Il 14 Febbraio 1944 di Corinna Grisolia: Omicidio all’Ora di Pranzo

Non fa in tempo a gustare l’ultimo pranzo il gioielliere Clemente Mazzarello, il 14 febbraio 1944, quando viene assassinato con circa quaranta coltellate nella sua cucina, con il tovagliolo ancora al collo. Colpevole del cruento omicidio sarà riconosciuta la moglie, Corinna Grisolia. La donna affermerà però di aver subito l’aggressione di due sconosciuti.

Partiamo dall’inizio.

Corinna Grisolia nasce nel 1914 a Buenos Aires e arriva in Italia, a Firenze, appena ragazzina insieme alla madre. La giovane non ha molta voglia di studiare e così inizia una carriera di fotomodella che la porta però ben presto a lavorare come entraneuse in una casa di appuntamenti. La ragazza non è bellissima, ma è in possesso di un grande fascino che le permette di scegliere gli uomini con i quali esercitare il mestiere più antico del mondo. Uno di questi uomini è Clemente Mazzarello, rispettato e ricco gioielliere di Genova. L’uomo conosce la giovane che sarebbe divenuta sua moglie (e assassina) durante una delle sue trasferte di lavoro.

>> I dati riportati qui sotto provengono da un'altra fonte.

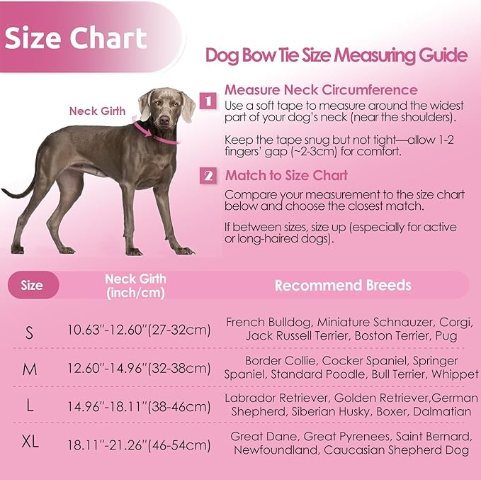 - Perfect Fit for Every Pup: Our dog bow tie collar come in 4 sizes (S-XL) to suit breeds from Chihuahuas to Golden Retrievers! The adjustable neck magic tape ensures a snug yet comfortable fit, so your furry friend stays stylish without fuss

Le visite nella casa di appuntamenti frequentata da Corinna, Cora per amici e clienti, si susseguono fino al 1938 quando – in quell’anno Cora è ancora una giovane donna di ventiquattro anni – Clemente Mazzarello le propone di sposarlo. La donna accetta e i due convolano a nozze lo stesso anno.

È così che Corinna diventa una normale moglie e si trasferisce a Genova. Mazzarello è convinto che la fede al dito possa redimere la donna e fa di tutto per far scivolare nell’oblio lo scomodo passato della ragazza. Corinna invece non fa nulla a tal fine, anzi, oltre a continuare a frequentare altri uomini, si rivela presto una donna dispotica, arrogante, malvagia, ben lontana dall’immagine dell’angelo sensuale e servizievole che il commerciante di preziosi aveva conosciuto a Firenze.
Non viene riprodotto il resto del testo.